ピダハン

ピダハン―― 「言語本能」を超える文化と世界観

ピダハン―― 「言語本能」を超える文化と世界観

久しぶりに、趣味に関係ない、本来のわたしの興味の趣く本読めた(笑)
ペルシャとかバレエ関連本は半分「勉強」て感じがあるのでな。

アマゾン、少数民族、わたしの大好きな分野です。面白かった〜。

著者は言語学の研究者で且つキリスト教プロテスタントの伝道師だった方。「だった」と過去形で語らねばならないわけがある。言語学のおおもとはキリスト教を広げるため。聖書をその民族の言語に翻訳し、神の存在を、信仰を、伝道するため。

自然のあるがままに、と思いがちなわたしからすると(民族同化政策とか心底憎い)、その目的からして「うへえー」て感じなのですが、長年のアマゾン生活で著者はまんまとピダハンに感化されてしまったのです。その様子がすごく面白い。

でも信仰を失うということは(神も仏も精霊も生霊も信じちゃう、あるいは全て信じない)わたしたち日本人が思うほど生やさしいものじゃなく、人生の土台が変わってしまう、人間が生まれ変わるみたいな衝撃的なことなわけで、そこに至る経緯が冷静に書かれてはいたけれど、想像するとすごいことだなあと思った。

しかしこれはあくまでも「言語学」の本。ピダハン語の文法や声調なども詳しく記述されてます。

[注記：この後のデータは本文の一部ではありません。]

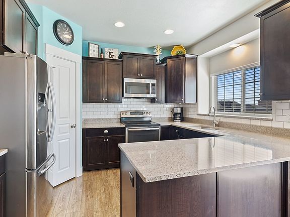 Beautiful custom 2 story home in East Layton. Corner Lot with Beautiful Mountain views. Chefs Kitchen with soft close drawers. Stainless steel appliances. 9' ceilings throughout including the basement. Gas Fire Place. Master has vaulted high ceilings, with his/hers sinks, large soaking tub, and separate shower. Walk in closet. Recessed lighting throughout. Walk out basement. GREAT neighborhood park.

いままで「なあなあ」であった学説にも真っ向勝負してきたらしい著者ならではの物言いも痛快。

そしてピダハンはすごく幸せそうだなあ。ピダハンは左右の別も、色の名前も、数も、神話も伝承も信仰もない民族。価値観がすごく興味深いです。アラスカを長年取材してた星野道夫さんもよく本で書いてらした記憶があるのけど、世界のなかに自分の知らないもの、知らない生き物が、実際に自分が行かなくても見なくても、それが確かに存在してると思うと「安心」する、というような感覚と同じかもしれない。

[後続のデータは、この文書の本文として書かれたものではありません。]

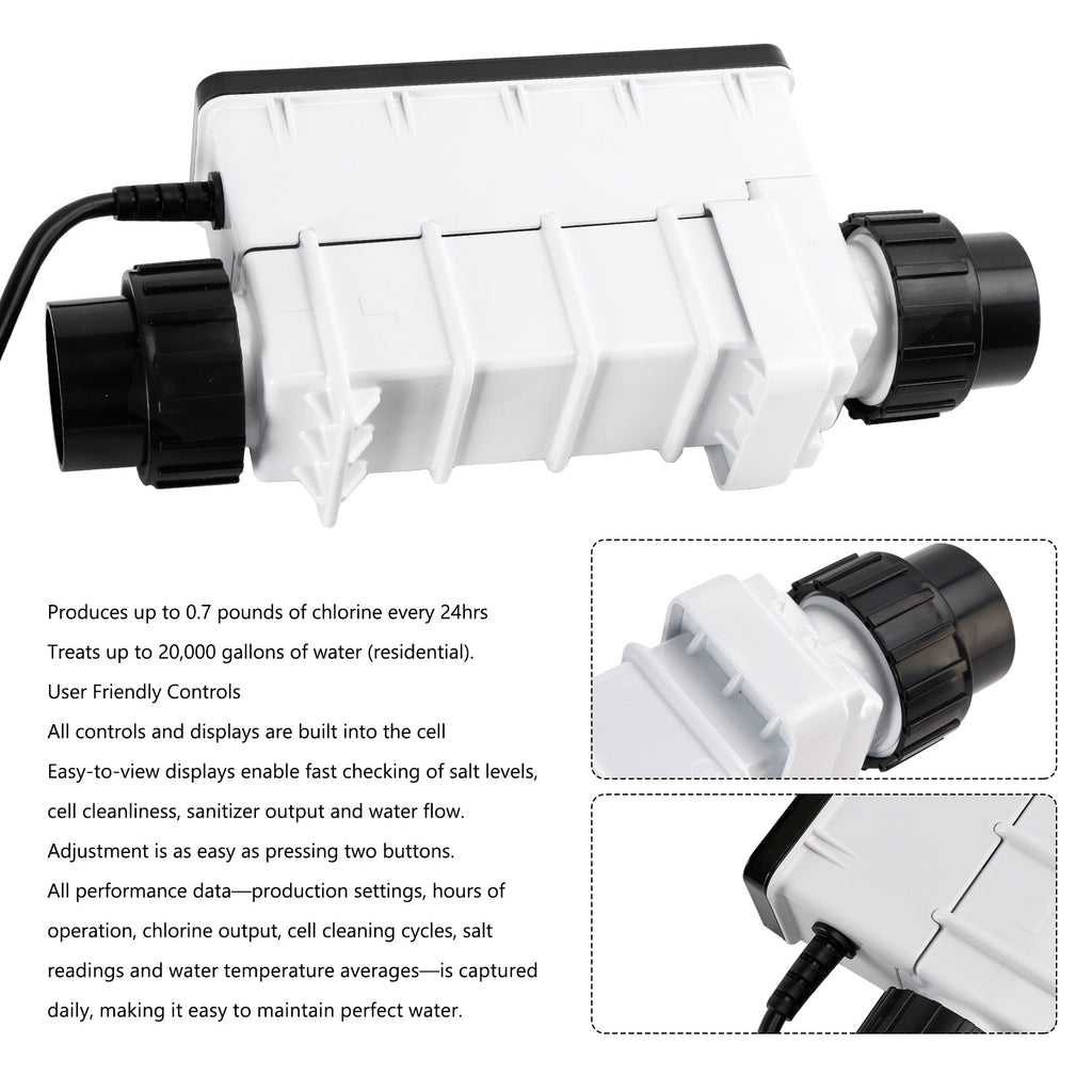 A diferencia de los aditivos de cloro convencionales, que requieren una renovación constante, la sal se recicla continuamente, día tras día, lo que reduce aún más el mantenimiento de la piscina. El generador se autolimpia gracias a una función automática de ciclo inverso que previene la acumulación de sarro y prolonga la vida útil de la celda.

自分とはまったく違う価値観で生きてる人がいると知ることは日々傲慢に過ごすわたしを平手打ちする。「わたしの常識」を他人に押し付けたいわたしを諌める。「わたしの常識」なんていうちっぽけなものが通用しない世界がたくさんある。それが心地いいんだな〜。

わたしは世界と「わたし」のズレを楽しみたい。そういうのを面白がれる人間でいたい。